NECTAR PLANTS: Plant at least 4 different types of nectar plants in your butterfly garden. Monarchs drink nectar from a variety of flowers, but they are specific so search on ‘Nectar Plants’ in this blog for a list or go to Nectar Plants for Western Monarchs | Vanderlip.com. Just a few examples include: lantana (a favorite!), coneflower, coreopsis, yarrow, zinnia, and lots of natives. You can also go to www.calscape.org to search by your zip code and see pictures of nectar plant options. Once you plant your monarch butterfly garden, you can go to www.monarchwatch.org/waystations, register your garden, and get both a certificate and a metal plaque for your garden! Lots of fun to do!
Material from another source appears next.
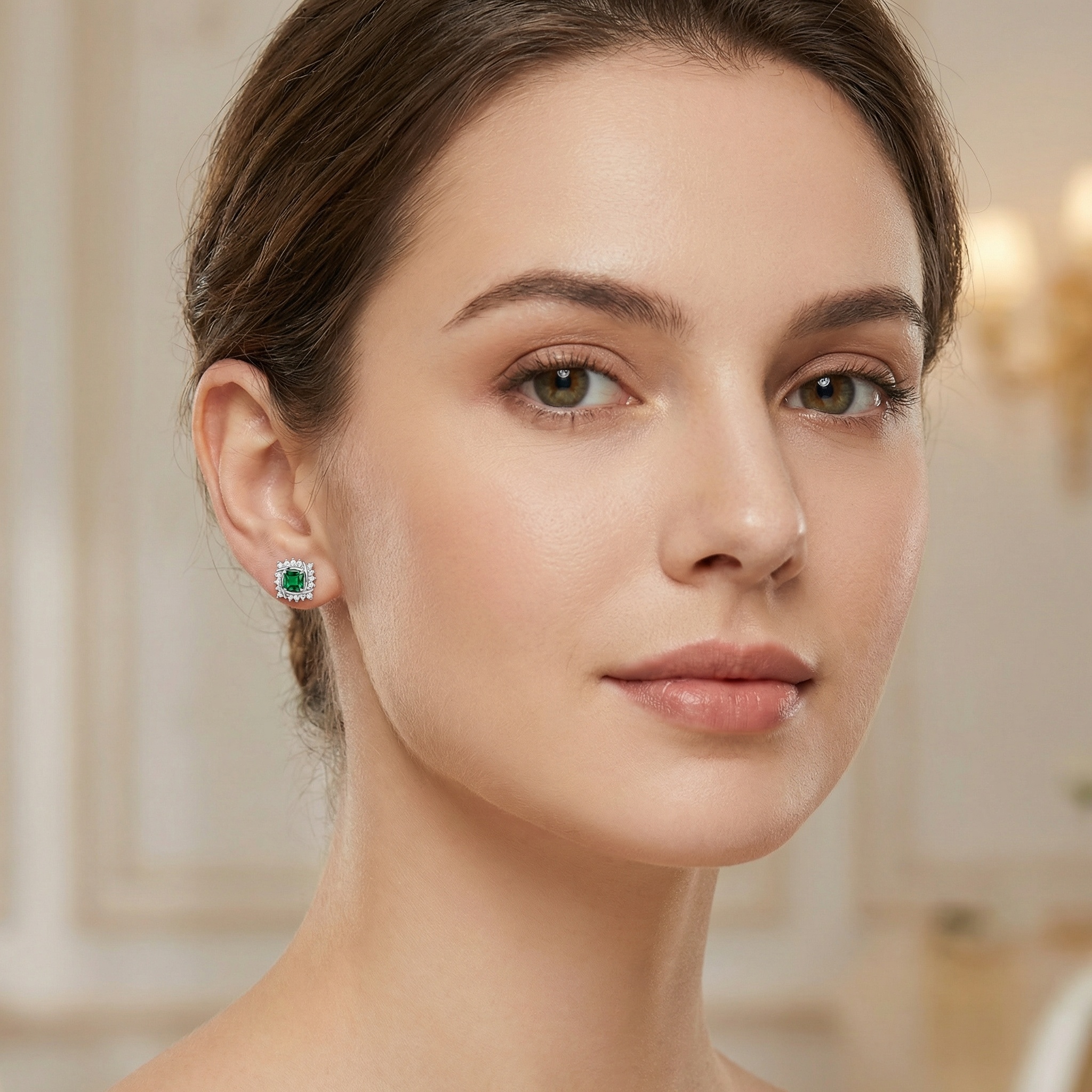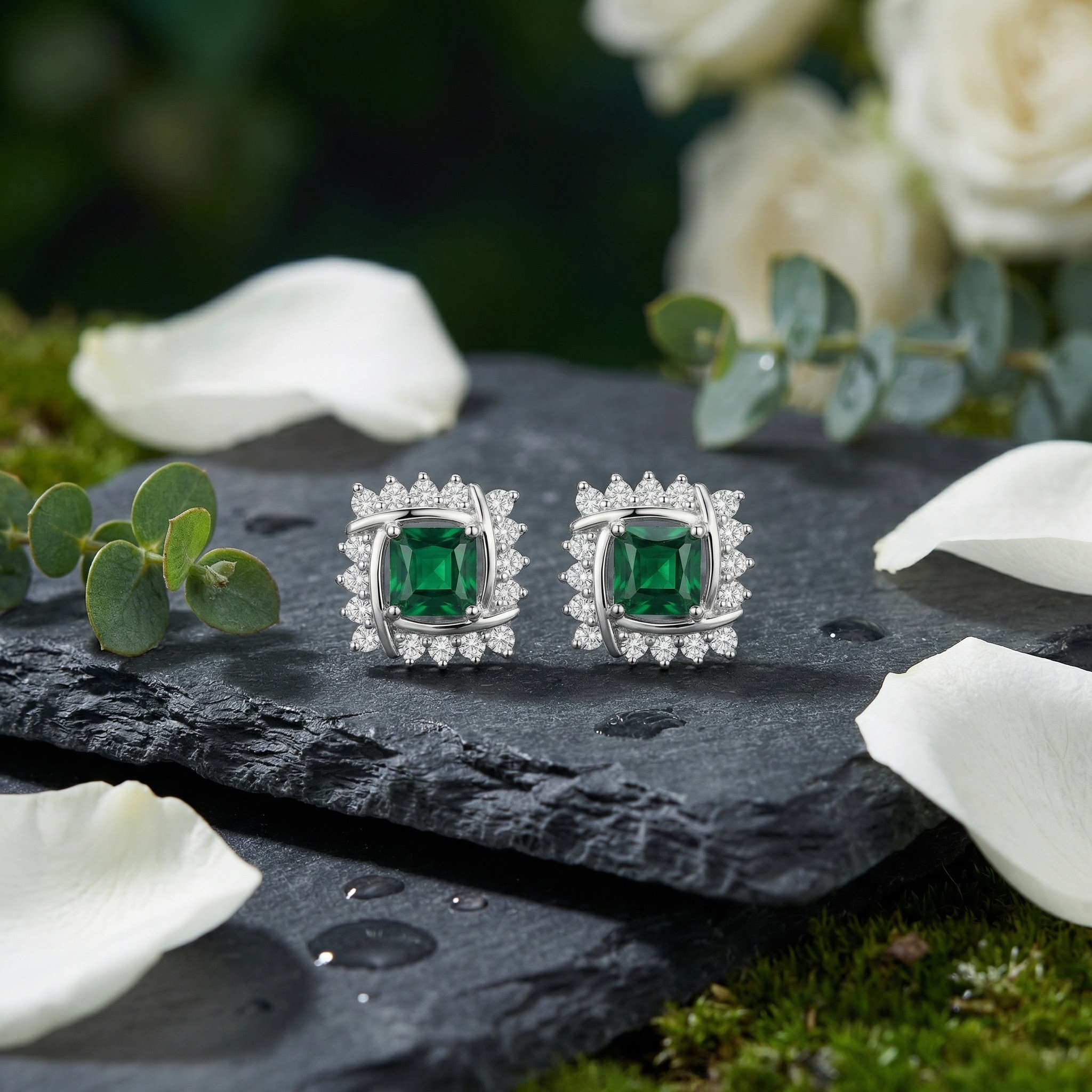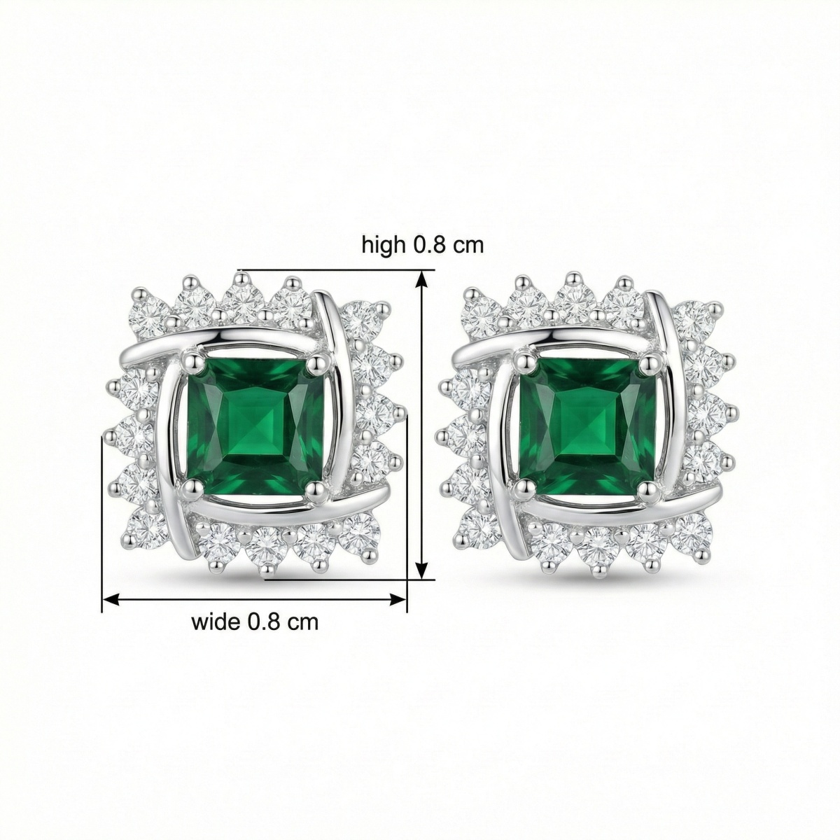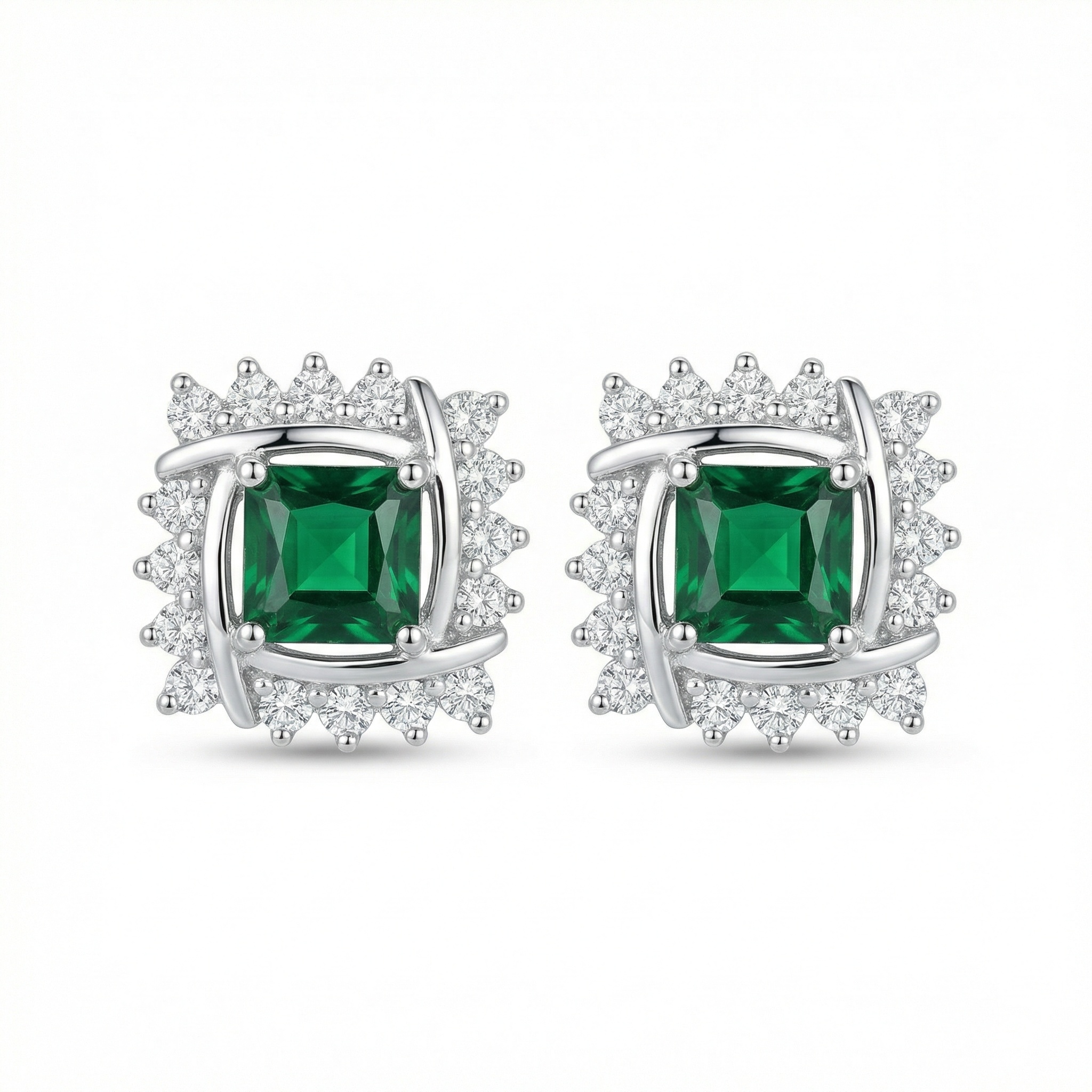 These stunning stud earrings feature a vibrant square-cut emerald-green gemstone at the center, radiating a deep and rich color. Each center stone is beautifully framed by an intricate, interlocking silver-toned metal design that adds a modern twist to a classic style. Surrounding the frame is a halo of sparkling round-cut white stones that enhance the overall brilliance and fire of the piece. Crafted with high-quality materials, these earrings offer a sophisticated and luxurious appeal, making them perfect for both formal events and everyday elegance. The secure backings ensure a comfortable and reliable fit for all-day wear. These earrings serve as an exquisite gift for birthdays, anniversaries, or special celebrations, adding a touch of timeless glamour and sophisticated charm to any jewelry collection. | Brand: jewelryodm

Monarch Butterfly Life Cycle
Western Monarchs have a primary breeding season of late March thru October, especially in California where the vast majority of monarchs breed. The life cycle is important to know so you can watch the process, know what to expect, and enjoy it.
Egg for 2-4 days: Females lay eggs ONLY on milkweed (asclepias) which is called their host plant. Every type of butterfly lays its eggs on their own host plant/s. Only monarch butterflies lay their eggs on milkweed, no other butterfly. And monarchs won’t lay their eggs on other butterfly’s host plants either. The female monarch lays her eggs, one at a time and by itself, on the underside of leaves. She will lay up to 500 eggs, one at time, in her 3 to 6 week life. An egg is white and about the size of the head of a pin.
NOTE: Multiple yellow dots on milkweed are aphids. They will not harm caterpillars but do suck the juice out of milkweed leaves. Best to WASH them off with the hose, do NOT use any pesticide, fungicide, herbicide, or chemicals – ever because they will kill your caterpillars.
Caterpillar/larva for 12-14 days: Yellow, white, and black banded caterpillars. They eat approx. 32 milkweed leaves over the 2 weeks they are a larva. They completely shed their skin five times over the two weeks. Each stage between sheds is called and instar, so monarch caterpillars have five instars. The caterpillar will most often crawl off the milkweed to go shed. It is vulnerable during a shed, so it leaves the milkweed to hide, shed, and return in about 2 days to eat some more. So, if you see a caterpillar off the milkweed just laying there, not moving, DO NOT TOUCH OR MOVE IT! To prepare to shed, it will have spun some silk to attach itself to wherever it is so it can crawl out of the skin. If you move it while attached, it can cause lethal damage to the caterpillar.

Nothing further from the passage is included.